─── The input ───
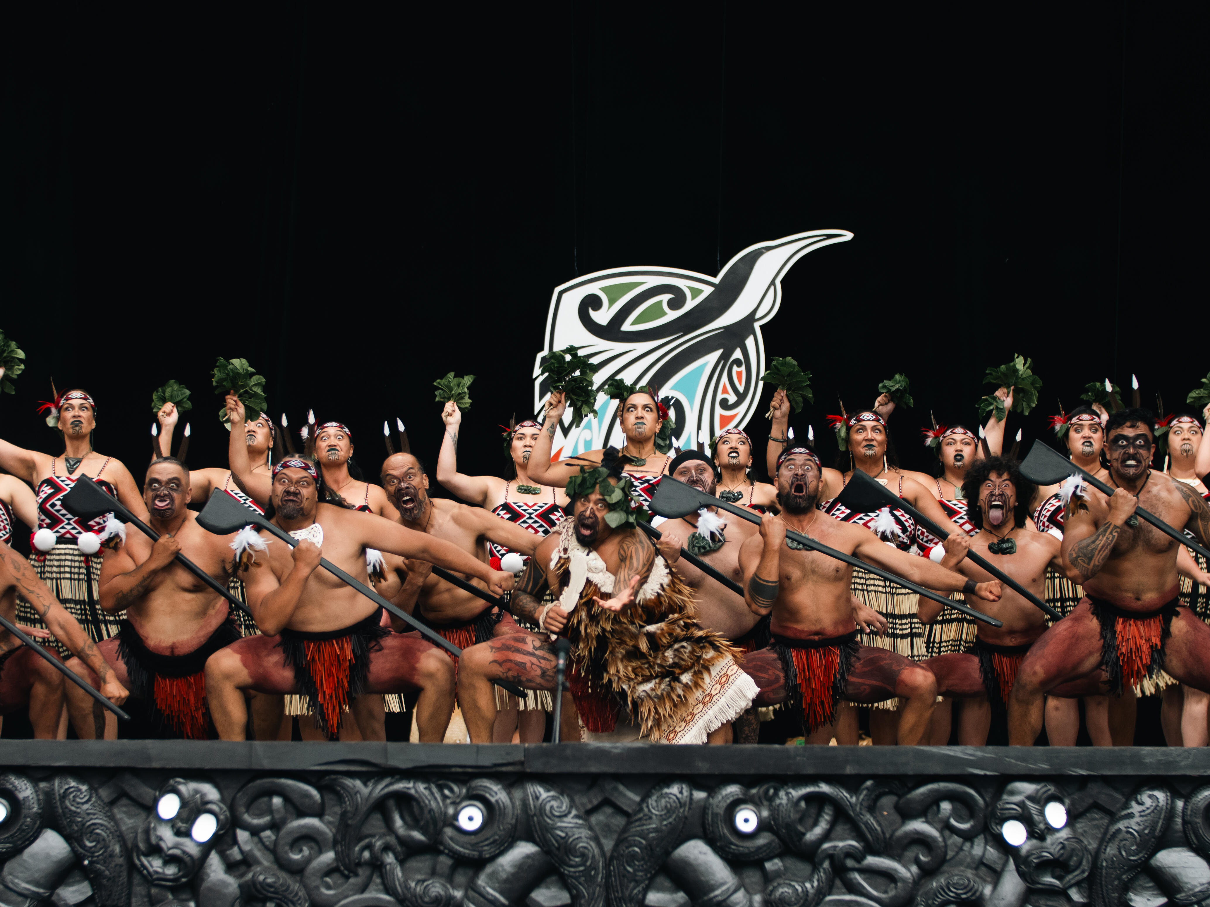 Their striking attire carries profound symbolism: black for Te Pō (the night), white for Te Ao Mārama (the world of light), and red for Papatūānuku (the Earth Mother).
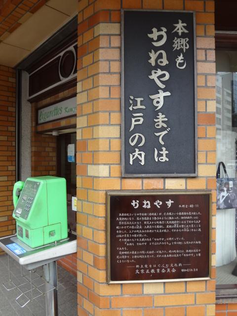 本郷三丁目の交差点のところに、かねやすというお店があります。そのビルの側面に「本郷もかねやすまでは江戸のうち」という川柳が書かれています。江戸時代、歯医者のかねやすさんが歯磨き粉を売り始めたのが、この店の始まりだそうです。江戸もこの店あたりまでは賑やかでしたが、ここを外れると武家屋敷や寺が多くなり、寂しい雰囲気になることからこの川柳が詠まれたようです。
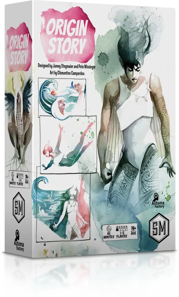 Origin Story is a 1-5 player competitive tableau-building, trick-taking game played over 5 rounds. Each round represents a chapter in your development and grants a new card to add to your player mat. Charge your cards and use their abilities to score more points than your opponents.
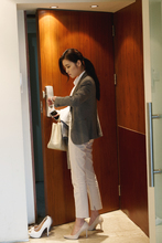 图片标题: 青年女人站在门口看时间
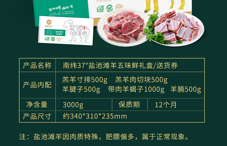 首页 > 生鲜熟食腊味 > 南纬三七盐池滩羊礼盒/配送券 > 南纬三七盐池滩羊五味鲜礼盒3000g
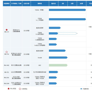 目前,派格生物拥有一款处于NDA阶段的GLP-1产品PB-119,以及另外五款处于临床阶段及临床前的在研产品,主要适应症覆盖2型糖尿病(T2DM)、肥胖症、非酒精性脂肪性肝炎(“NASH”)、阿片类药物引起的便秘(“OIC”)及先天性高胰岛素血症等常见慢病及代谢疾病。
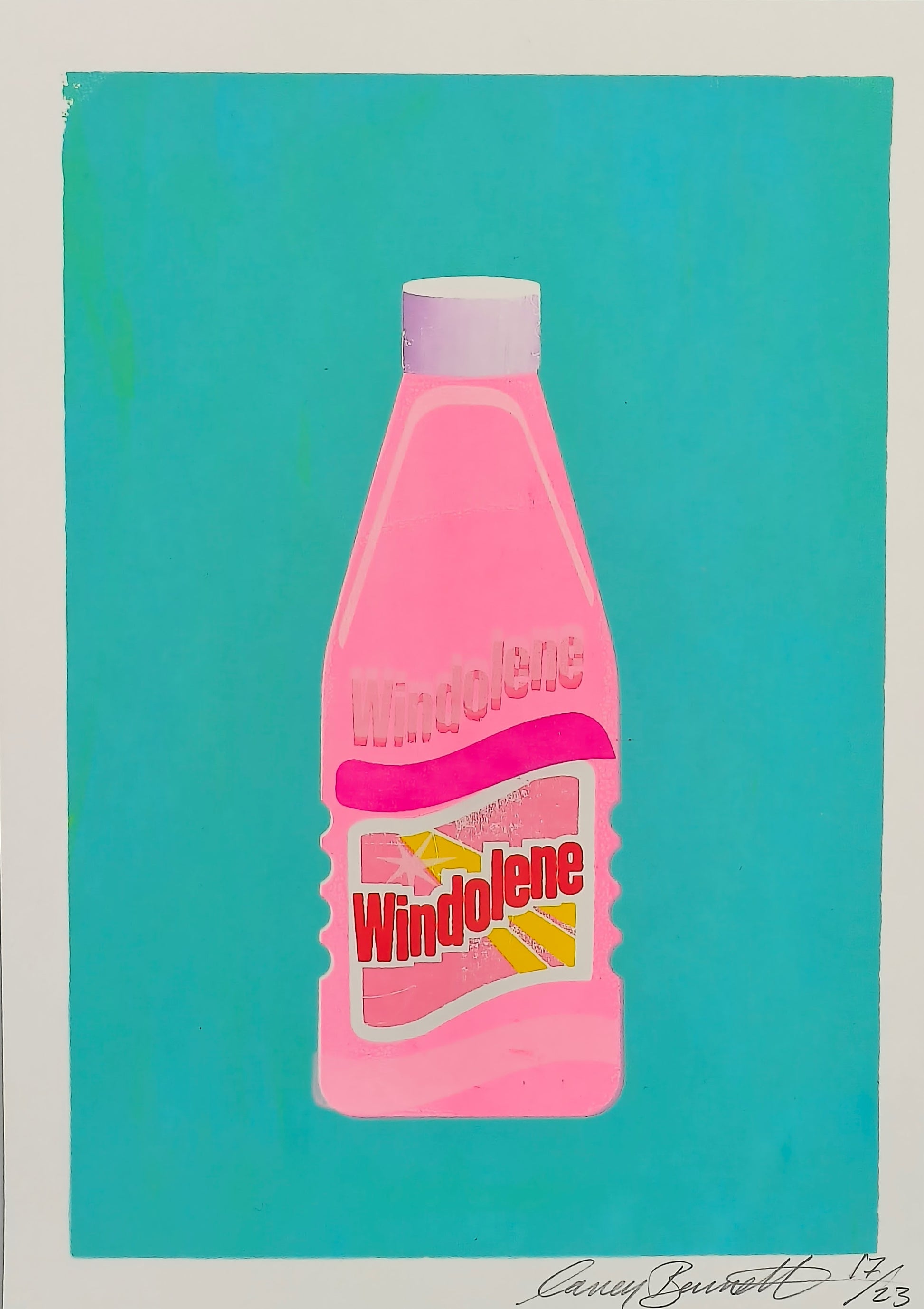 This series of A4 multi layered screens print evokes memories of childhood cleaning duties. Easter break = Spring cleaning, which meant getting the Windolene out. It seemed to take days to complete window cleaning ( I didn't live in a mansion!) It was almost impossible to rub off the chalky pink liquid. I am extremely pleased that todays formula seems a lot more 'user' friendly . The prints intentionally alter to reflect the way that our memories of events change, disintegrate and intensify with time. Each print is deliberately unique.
───
### What the task requires
Exclude the pictures. Write out the remaining data exactly.

### Exercise solution
 Their striking attire carries profound symbolism: black for Te Pō (the night), white for Te Ao Mārama (the world of light), and red for Papatūānuku (the Earth Mother).
 本郷三丁目の交差点のところに、かねやすというお店があります。そのビルの側面に「本郷もかねやすまでは江戸のうち」という川柳が書かれています。江戸時代、歯医者のかねやすさんが歯磨き粉を売り始めたのが、この店の始まりだそうです。江戸もこの店あたりまでは賑やかでしたが、ここを外れると武家屋敷や寺が多くなり、寂しい雰囲気になることからこの川柳が詠まれたようです。
 Origin Story is a 1-5 player competitive tableau-building, trick-taking game played over 5 rounds. Each round represents a chapter in your development and grants a new card to add to your player mat. Charge your cards and use their abilities to score more points than your opponents.
 图片标题: 青年女人站在门口看时间
 首页 > 生鲜熟食腊味 > 南纬三七盐池滩羊礼盒/配送券 > 南纬三七盐池滩羊五味鲜礼盒3000g
 目前,派格生物拥有一款处于NDA阶段的GLP-1产品PB-119,以及另外五款处于临床阶段及临床前的在研产品,主要适应症覆盖2型糖尿病(T2DM)、肥胖症、非酒精性脂肪性肝炎(“NASH”)、阿片类药物引起的便秘(“OIC”)及先天性高胰岛素血症等常见慢病及代谢疾病。
 This series of A4 multi layered screens print evokes memories of childhood cleaning duties. Easter break = Spring cleaning, which meant getting the Windolene out. It seemed to take days to complete window cleaning ( I didn't live in a mansion!) It was almost impossible to rub off the chalky pink liquid. I am extremely pleased that todays formula seems a lot more 'user' friendly . The prints intentionally alter to reflect the way that our memories of events change, disintegrate and intensify with time. Each print is deliberately unique.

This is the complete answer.